About this task: Starting at the line that holds "Dit maakt deze", restate every line word for word up to and including the last one in the listing below, and omit all pictures.

-- Stored data follows --

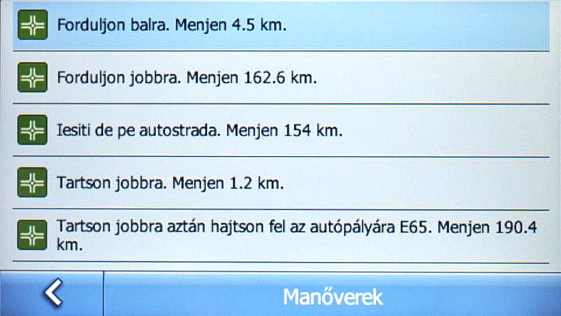Az útvonal megtervezése azonban sokat „romlott”, már ami a sebességet illeti: ugyanazt a Magyarország-Németország útvonalat a C520 9,57, míg a Moov 330 27,96 másodperc alatt tervezte meg (szerencsére rövidebb utaknál nincs ilyen különbség, az útvonal gyakorlatilag azonnal elkészül). Kifejezetten hiányoltuk az itinert is – a Moov által „manőverek listájának” nevezett ablakban gyakorlatilag utcanevek nélküli listát kapunk a fordulópontokról (hogy pontosak legyünk, egyes autópályák azért kapnak nevet). Egyelőre a – remélhetően – nem végleges firmware-nek tudjuk be ezt a hiányosságot, valamint azt a nagyobb hibát is, hogy egyes utasítások ékes román nyelven kerültek kiírásra. A javítás azért is valószínű, mert ha angol nyelvre kapcsoljuk a készüléket, az itiner is rötgtön kellően részletessé válik.
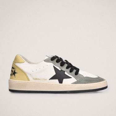 Mens Ball Star Sneakers in Black Leather With Yellow Star and Yellow Heel Tab
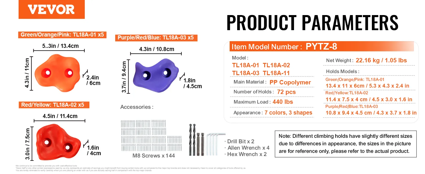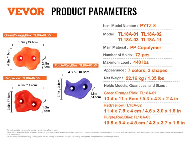 Dit maakt deze rotsklimgrepen een kosteneffectieve optie. Geniet jarenlang van de duurzaamheid en betrouwbaarheid van VEVOR klimgrepen! Gemaakt van hoogwaardig PP-copolymeer, ze zijn bestand tegen slijtage. Ze zijn ook weerbestendig, waardoor ze ideaal zijn voor gebruik buitenshuis. Regen, zon of sneeuw beschadigen deze grepen niet. Dit zorgt ervoor dat ze hun levendige kleuren en grip behouden. U hoeft ze niet vaak te vervangen, wat ze een betaalbare keuze maakt.
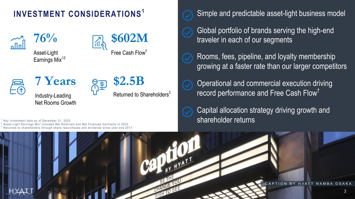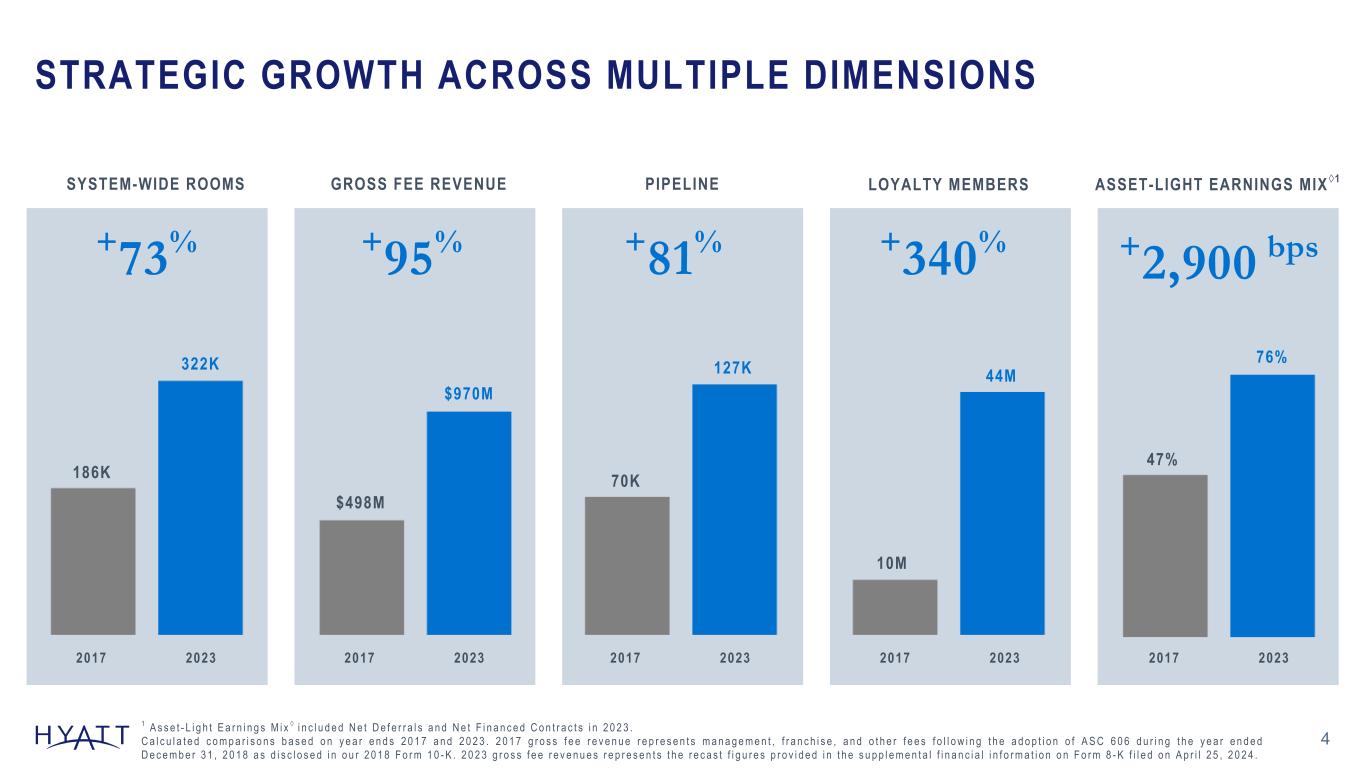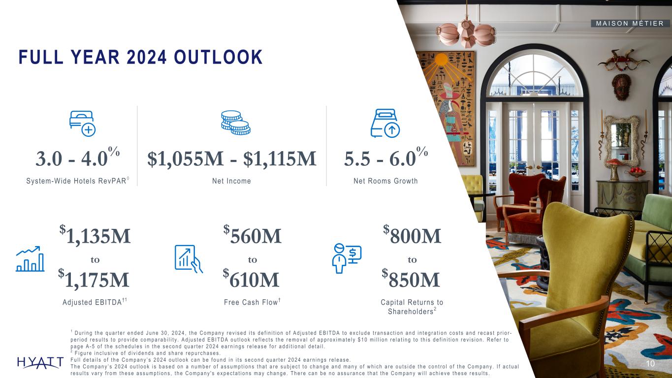No disposition or acquisition activity beyond what has been completed as of the date of this release has been included in the 2024 Outlook. The Company's 2024 Outlook is based on a number of assumptions that are subject to change and many of which are outside the control of the Company. If actual results vary from these assumptions, the Company's expectations may change. There can be no assurance that Hyatt will achieve these results.

-- Stored data concluded --

Result below:
 Dit maakt deze rotsklimgrepen een kosteneffectieve optie. Geniet jarenlang van de duurzaamheid en betrouwbaarheid van VEVOR klimgrepen! Gemaakt van hoogwaardig PP-copolymeer, ze zijn bestand tegen slijtage. Ze zijn ook weerbestendig, waardoor ze ideaal zijn voor gebruik buitenshuis. Regen, zon of sneeuw beschadigen deze grepen niet. Dit zorgt ervoor dat ze hun levendige kleuren en grip behouden. U hoeft ze niet vaak te vervangen, wat ze een betaalbare keuze maakt.
No disposition or acquisition activity beyond what has been completed as of the date of this release has been included in the 2024 Outlook. The Company's 2024 Outlook is based on a number of assumptions that are subject to change and many of which are outside the control of the Company. If actual results vary from these assumptions, the Company's expectations may change. There can be no assurance that Hyatt will achieve these results.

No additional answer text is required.